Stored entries
********

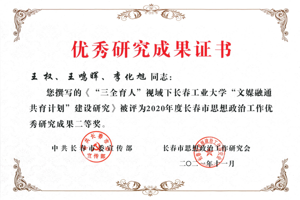 本网讯(通讯员 李化旭)近日,中共长春市委宣传部、长春市思想政治工作研究会下发《关于表彰2020年度长春市思想政治工作优秀研究单位和优秀研究成果的决定》,由公司党委副书记王权主持撰写的《“三全育人”视域下304永利集团“文媒融通共育计划”建设研究》荣获二等奖。
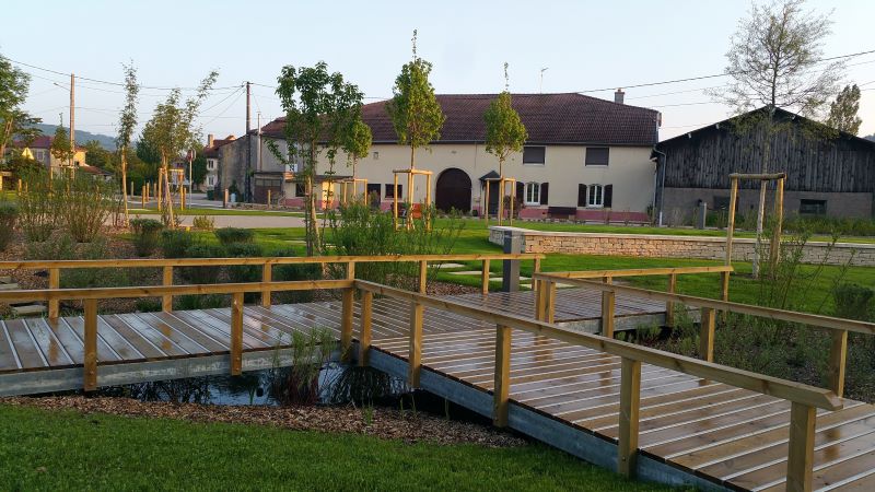 - Points remarquables : Projet frugal et vertueux adapté à l’échelle du lieu et remarquable pour un village de cette taille. Valorisation du patrimoine existant. Démonstration de désartificialisation des terres avec une enveloppe financière contrainte. Réalisation valorisant autant le patrimoine que la trame verte et bleue. Usage de matériaux locaux.
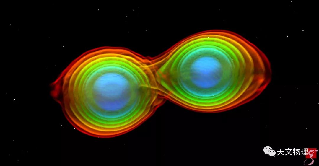 数值模拟描述了两个螺旋合并的中子星,高密度(中子星的内部)以蓝色表示,而较低的密度(中子星的外壳)以红色表示。图片:T .Dietrich/S. Ossokine/H. Pfeiffer/A. Buonanno/Max Planck Institute for Gravitational Physics/BAM collaboration
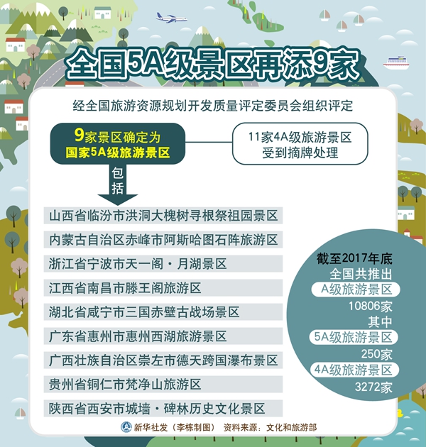 新华社北京10月30日电(记者胡浩)记者30日从文化和旅游部了解到,经全国旅游资源规划开发质量评定委员会组织评定,山西省临汾市洪洞大槐树寻根祭祖园景区等9家景区确定为国家5A级旅游景区,11家4A级旅游景区受到摘牌处理。
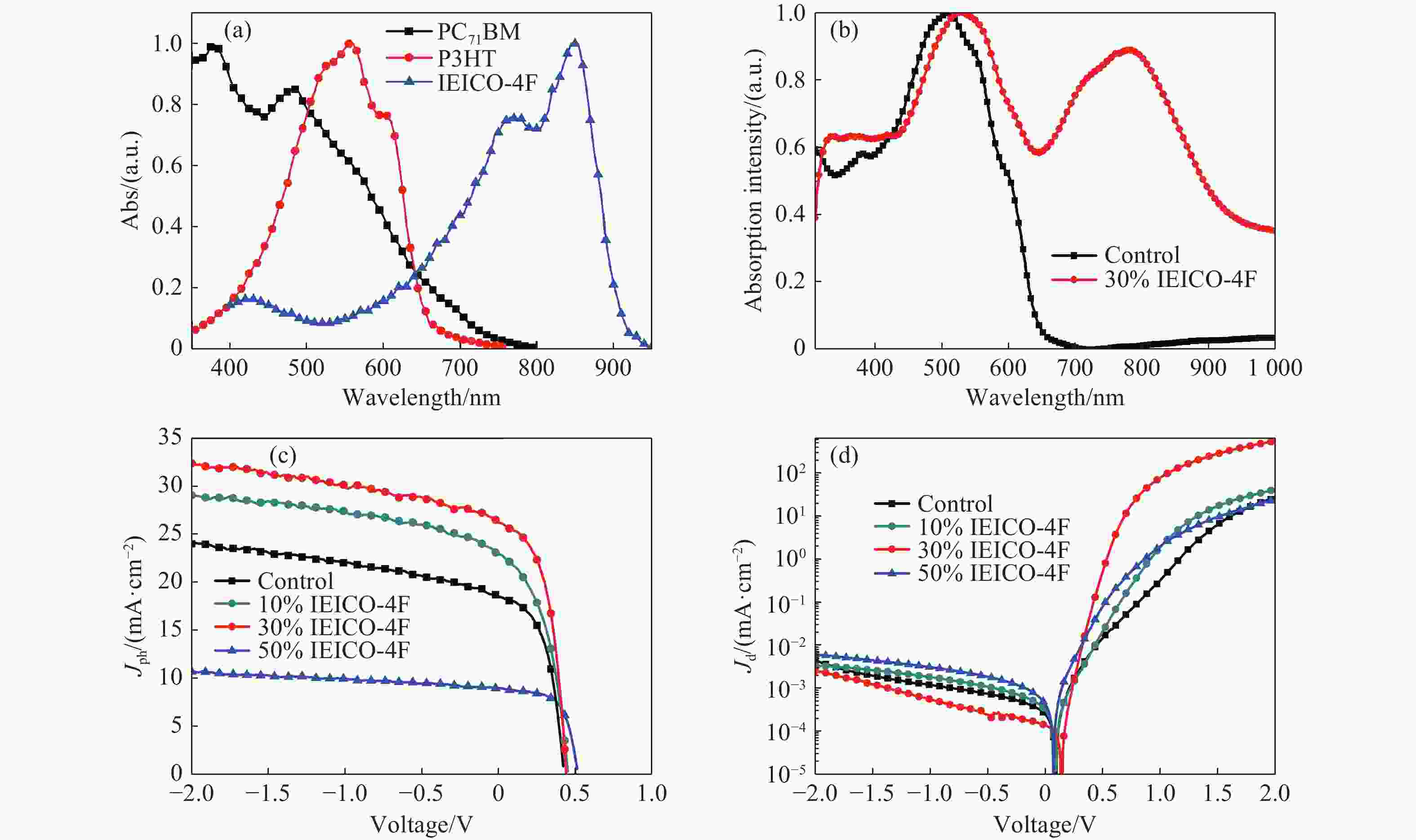 图 2 (a) 活性层三种材料的归一化吸收;(b) 器件活性层的归一化吸收;(c) 在光照条件下,不同IEICO-4F掺杂浓度的器件所呈现的电流密度-电压响应特性;(d) 在暗条件下,不同IEICO-4F掺杂浓度的器件所呈现的电流密度-电压响应特性

********

- [TASK]:
An exact, word-for-word copy of the records is expected, with no pictures in it.

- [REPLY TO THE EXERCISE]:
 本网讯(通讯员 李化旭)近日,中共长春市委宣传部、长春市思想政治工作研究会下发《关于表彰2020年度长春市思想政治工作优秀研究单位和优秀研究成果的决定》,由公司党委副书记王权主持撰写的《“三全育人”视域下304永利集团“文媒融通共育计划”建设研究》荣获二等奖。
 - Points remarquables : Projet frugal et vertueux adapté à l’échelle du lieu et remarquable pour un village de cette taille. Valorisation du patrimoine existant. Démonstration de désartificialisation des terres avec une enveloppe financière contrainte. Réalisation valorisant autant le patrimoine que la trame verte et bleue. Usage de matériaux locaux.
 数值模拟描述了两个螺旋合并的中子星,高密度(中子星的内部)以蓝色表示,而较低的密度(中子星的外壳)以红色表示。图片:T .Dietrich/S. Ossokine/H. Pfeiffer/A. Buonanno/Max Planck Institute for Gravitational Physics/BAM collaboration
 新华社北京10月30日电(记者胡浩)记者30日从文化和旅游部了解到,经全国旅游资源规划开发质量评定委员会组织评定,山西省临汾市洪洞大槐树寻根祭祖园景区等9家景区确定为国家5A级旅游景区,11家4A级旅游景区受到摘牌处理。
 图 2 (a) 活性层三种材料的归一化吸收;(b) 器件活性层的归一化吸收;(c) 在光照条件下,不同IEICO-4F掺杂浓度的器件所呈现的电流密度-电压响应特性;(d) 在暗条件下,不同IEICO-4F掺杂浓度的器件所呈现的电流密度-电压响应特性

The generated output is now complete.